ASSIGNMENT:
Copy the data word for word, keeping every line.
----
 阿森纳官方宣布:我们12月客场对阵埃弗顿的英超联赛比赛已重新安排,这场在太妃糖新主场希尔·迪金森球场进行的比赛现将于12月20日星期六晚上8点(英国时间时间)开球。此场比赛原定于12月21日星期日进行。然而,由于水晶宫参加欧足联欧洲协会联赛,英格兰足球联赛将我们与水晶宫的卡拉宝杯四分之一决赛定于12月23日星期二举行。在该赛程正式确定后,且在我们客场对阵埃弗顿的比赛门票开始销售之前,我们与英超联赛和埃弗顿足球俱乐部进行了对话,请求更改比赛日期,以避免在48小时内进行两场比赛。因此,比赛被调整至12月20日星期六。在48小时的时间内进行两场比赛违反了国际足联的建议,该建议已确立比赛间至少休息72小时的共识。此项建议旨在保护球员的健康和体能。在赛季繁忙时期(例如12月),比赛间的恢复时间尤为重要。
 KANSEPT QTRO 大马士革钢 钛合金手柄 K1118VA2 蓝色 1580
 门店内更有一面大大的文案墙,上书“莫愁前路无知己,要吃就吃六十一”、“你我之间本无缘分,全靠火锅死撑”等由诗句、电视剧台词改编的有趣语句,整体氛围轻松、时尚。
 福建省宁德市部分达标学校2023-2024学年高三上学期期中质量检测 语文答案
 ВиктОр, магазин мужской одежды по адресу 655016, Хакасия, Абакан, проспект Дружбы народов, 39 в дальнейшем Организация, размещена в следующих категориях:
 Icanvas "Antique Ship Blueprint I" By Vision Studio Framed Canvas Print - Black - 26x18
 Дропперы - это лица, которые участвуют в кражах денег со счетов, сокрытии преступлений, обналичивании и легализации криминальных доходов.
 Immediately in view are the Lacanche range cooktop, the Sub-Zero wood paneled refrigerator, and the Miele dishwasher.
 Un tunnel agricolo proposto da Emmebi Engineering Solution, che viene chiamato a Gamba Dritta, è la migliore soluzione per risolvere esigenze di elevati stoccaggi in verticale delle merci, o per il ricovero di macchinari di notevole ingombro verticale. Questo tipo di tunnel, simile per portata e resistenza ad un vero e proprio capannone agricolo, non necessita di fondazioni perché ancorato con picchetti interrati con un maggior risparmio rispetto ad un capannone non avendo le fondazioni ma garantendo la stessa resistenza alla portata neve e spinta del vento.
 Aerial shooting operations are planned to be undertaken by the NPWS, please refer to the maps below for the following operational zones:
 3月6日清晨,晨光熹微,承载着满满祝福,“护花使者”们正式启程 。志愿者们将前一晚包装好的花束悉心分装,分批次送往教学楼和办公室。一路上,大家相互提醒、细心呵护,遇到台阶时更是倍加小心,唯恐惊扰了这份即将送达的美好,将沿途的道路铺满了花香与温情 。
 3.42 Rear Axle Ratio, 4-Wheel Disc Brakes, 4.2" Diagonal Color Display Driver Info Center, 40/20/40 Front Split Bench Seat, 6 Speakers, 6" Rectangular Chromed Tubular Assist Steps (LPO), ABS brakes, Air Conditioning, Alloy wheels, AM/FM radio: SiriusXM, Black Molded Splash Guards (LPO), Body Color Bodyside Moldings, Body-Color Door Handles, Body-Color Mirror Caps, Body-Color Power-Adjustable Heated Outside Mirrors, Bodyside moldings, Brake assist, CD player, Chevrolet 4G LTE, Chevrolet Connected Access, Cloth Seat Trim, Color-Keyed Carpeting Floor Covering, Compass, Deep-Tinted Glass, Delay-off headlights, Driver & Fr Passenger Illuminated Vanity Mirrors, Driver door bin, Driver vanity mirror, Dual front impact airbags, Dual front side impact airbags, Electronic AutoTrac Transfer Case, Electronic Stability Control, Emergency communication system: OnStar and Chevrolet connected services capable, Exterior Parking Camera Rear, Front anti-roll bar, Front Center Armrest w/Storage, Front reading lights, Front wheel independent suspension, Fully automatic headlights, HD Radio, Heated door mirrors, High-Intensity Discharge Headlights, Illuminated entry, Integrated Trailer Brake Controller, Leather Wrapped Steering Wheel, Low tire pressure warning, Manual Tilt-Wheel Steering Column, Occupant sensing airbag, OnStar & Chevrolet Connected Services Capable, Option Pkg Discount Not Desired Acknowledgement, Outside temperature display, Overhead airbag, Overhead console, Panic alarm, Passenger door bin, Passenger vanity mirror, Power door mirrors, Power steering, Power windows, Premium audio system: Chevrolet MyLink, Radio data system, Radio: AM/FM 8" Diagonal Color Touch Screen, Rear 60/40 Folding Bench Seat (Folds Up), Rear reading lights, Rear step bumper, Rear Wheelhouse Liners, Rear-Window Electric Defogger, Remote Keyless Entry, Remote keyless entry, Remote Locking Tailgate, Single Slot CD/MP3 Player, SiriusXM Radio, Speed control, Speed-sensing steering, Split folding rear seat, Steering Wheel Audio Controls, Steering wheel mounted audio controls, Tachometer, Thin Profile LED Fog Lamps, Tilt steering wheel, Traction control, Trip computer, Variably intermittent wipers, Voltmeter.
----
COMPLETED EXERCISE:
 阿森纳官方宣布:我们12月客场对阵埃弗顿的英超联赛比赛已重新安排,这场在太妃糖新主场希尔·迪金森球场进行的比赛现将于12月20日星期六晚上8点(英国时间时间)开球。此场比赛原定于12月21日星期日进行。然而,由于水晶宫参加欧足联欧洲协会联赛,英格兰足球联赛将我们与水晶宫的卡拉宝杯四分之一决赛定于12月23日星期二举行。在该赛程正式确定后,且在我们客场对阵埃弗顿的比赛门票开始销售之前,我们与英超联赛和埃弗顿足球俱乐部进行了对话,请求更改比赛日期,以避免在48小时内进行两场比赛。因此,比赛被调整至12月20日星期六。在48小时的时间内进行两场比赛违反了国际足联的建议,该建议已确立比赛间至少休息72小时的共识。此项建议旨在保护球员的健康和体能。在赛季繁忙时期(例如12月),比赛间的恢复时间尤为重要。
 KANSEPT QTRO 大马士革钢 钛合金手柄 K1118VA2 蓝色 1580
 门店内更有一面大大的文案墙,上书“莫愁前路无知己,要吃就吃六十一”、“你我之间本无缘分,全靠火锅死撑”等由诗句、电视剧台词改编的有趣语句,整体氛围轻松、时尚。
 福建省宁德市部分达标学校2023-2024学年高三上学期期中质量检测 语文答案
 ВиктОр, магазин мужской одежды по адресу 655016, Хакасия, Абакан, проспект Дружбы народов, 39 в дальнейшем Организация, размещена в следующих категориях:
 Icanvas "Antique Ship Blueprint I" By Vision Studio Framed Canvas Print - Black - 26x18
 Дропперы - это лица, которые участвуют в кражах денег со счетов, сокрытии преступлений, обналичивании и легализации криминальных доходов.
 Immediately in view are the Lacanche range cooktop, the Sub-Zero wood paneled refrigerator, and the Miele dishwasher.
 Un tunnel agricolo proposto da Emmebi Engineering Solution, che viene chiamato a Gamba Dritta, è la migliore soluzione per risolvere esigenze di elevati stoccaggi in verticale delle merci, o per il ricovero di macchinari di notevole ingombro verticale. Questo tipo di tunnel, simile per portata e resistenza ad un vero e proprio capannone agricolo, non necessita di fondazioni perché ancorato con picchetti interrati con un maggior risparmio rispetto ad un capannone non avendo le fondazioni ma garantendo la stessa resistenza alla portata neve e spinta del vento.
 Aerial shooting operations are planned to be undertaken by the NPWS, please refer to the maps below for the following operational zones:
 3月6日清晨,晨光熹微,承载着满满祝福,“护花使者”们正式启程 。志愿者们将前一晚包装好的花束悉心分装,分批次送往教学楼和办公室。一路上,大家相互提醒、细心呵护,遇到台阶时更是倍加小心,唯恐惊扰了这份即将送达的美好,将沿途的道路铺满了花香与温情 。
 3.42 Rear Axle Ratio, 4-Wheel Disc Brakes, 4.2" Diagonal Color Display Driver Info Center, 40/20/40 Front Split Bench Seat, 6 Speakers, 6" Rectangular Chromed Tubular Assist Steps (LPO), ABS brakes, Air Conditioning, Alloy wheels, AM/FM radio: SiriusXM, Black Molded Splash Guards (LPO), Body Color Bodyside Moldings, Body-Color Door Handles, Body-Color Mirror Caps, Body-Color Power-Adjustable Heated Outside Mirrors, Bodyside moldings, Brake assist, CD player, Chevrolet 4G LTE, Chevrolet Connected Access, Cloth Seat Trim, Color-Keyed Carpeting Floor Covering, Compass, Deep-Tinted Glass, Delay-off headlights, Driver & Fr Passenger Illuminated Vanity Mirrors, Driver door bin, Driver vanity mirror, Dual front impact airbags, Dual front side impact airbags, Electronic AutoTrac Transfer Case, Electronic Stability Control, Emergency communication system: OnStar and Chevrolet connected services capable, Exterior Parking Camera Rear, Front anti-roll bar, Front Center Armrest w/Storage, Front reading lights, Front wheel independent suspension, Fully automatic headlights, HD Radio, Heated door mirrors, High-Intensity Discharge Headlights, Illuminated entry, Integrated Trailer Brake Controller, Leather Wrapped Steering Wheel, Low tire pressure warning, Manual Tilt-Wheel Steering Column, Occupant sensing airbag, OnStar & Chevrolet Connected Services Capable, Option Pkg Discount Not Desired Acknowledgement, Outside temperature display, Overhead airbag, Overhead console, Panic alarm, Passenger door bin, Passenger vanity mirror, Power door mirrors, Power steering, Power windows, Premium audio system: Chevrolet MyLink, Radio data system, Radio: AM/FM 8" Diagonal Color Touch Screen, Rear 60/40 Folding Bench Seat (Folds Up), Rear reading lights, Rear step bumper, Rear Wheelhouse Liners, Rear-Window Electric Defogger, Remote Keyless Entry, Remote keyless entry, Remote Locking Tailgate, Single Slot CD/MP3 Player, SiriusXM Radio, Speed control, Speed-sensing steering, Split folding rear seat, Steering Wheel Audio Controls, Steering wheel mounted audio controls, Tachometer, Thin Profile LED Fog Lamps, Tilt steering wheel, Traction control, Trip computer, Variably intermittent wipers, Voltmeter.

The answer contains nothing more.